Programming Challenge - count capital letters in a string

Here you can talk about anything related to BBC BASIC, not covered in another category
User avatar
hellomike
Posts: 192
Joined: Sat 09 Jun 2018, 09:47
Location: Amsterdam

Re: Programming Challenge - count capital letters in a string

Post by hellomike »

Yes, from the documentation only, I would assume that adding this line:

Code: Select all

   75 PRINT actual$
would show that the global variable is already altered and would print "Output string".

Thanks for clarifying.

Mike
KenDown
Posts: 327
Joined: Wed 04 Apr 2018, 06:36

Re: Programming Challenge - count capital letters in a string

Post by KenDown »

You are, of course, absolutely right about speed. I was merely responding to the function in the previous example by hellomike, which seemed unnecessarily complicated (to my mind). I also copied his use of i% for PTR, so thank you for the correction that it should have been i%%. (And thank you to hellomike, as I was not previously aware of that use for PTR!)
Hated Moron

Re: Programming Challenge - count capital letters in a string

Post by Hated Moron »

KenDown wrote: Wed 01 Mar 2023, 11:13 I also copied his use of i% for PTR, so thank you for the correction that it should have been i%%.
It's not at all clear in the published listings which code is hellomike's and which is yours, but for the avoidance of doubt i% (i.e. a 32-bit integer) is entirely suitable as an array index (as in b&(i%)) but not as a pointer (as in ?i%). A pointer should be either a 64-bit integer (e.g. i%%) or a variant (e.g. i).

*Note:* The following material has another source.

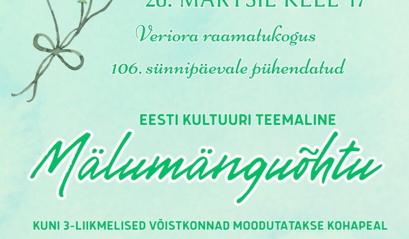 Veriora raamatukogu Mälumänguõhtu Veriora raamatukogus Jane Arusoo 26. veebr. 2026Pilt Loe edasi... Mälumänguõhtu Veriora raamatukogus

There was also a suggestion made by somebody that this code:

Code: Select all

      p%%=PTR(a$):e%%=p%%+LEN(a$)-1
      FOR i%% = p%% TO e%%
        IF ?i%>64 IF ?i%<91 n%+=1
      NEXT
should be faster than:

Code: Select all

      FOR i%%=PTR(a$) TO PTR(a$)+LEN(a$)-1
        IF ?i%>64 IF ?i%<91 n%+=1
      NEXT
It isn't, they will run at exactly the same speed (by which, for the pedants, I mean immeasurably different). I suspect this misunderstanding may have arisen because of an assumption that the final value of the FOR loop (the value after TO) is re-evaluated each time around the loop, but it's not. The FOR statement (including evaluation of the TO and optional STEP expression) is executed only once.
Hated Moron

Re: Programming Challenge - count capital letters in a string

Post by Hated Moron »

The profiler can be very useful in identifying bottlenecks. Here is a report for Jonathan's routine, except that I have split the IF statement into multiple lines so that the time taken by the individual tests can be compared:

Code: Select all

Profiler report for count_capitals_speed.bbc

Fri. 03 Mar 2023, 10:44:20

Figures in the first column indicate approximate
time in milliseconds spent in each program line.

Figures in the second column indicate approximate
percentage of the time spent in each program line.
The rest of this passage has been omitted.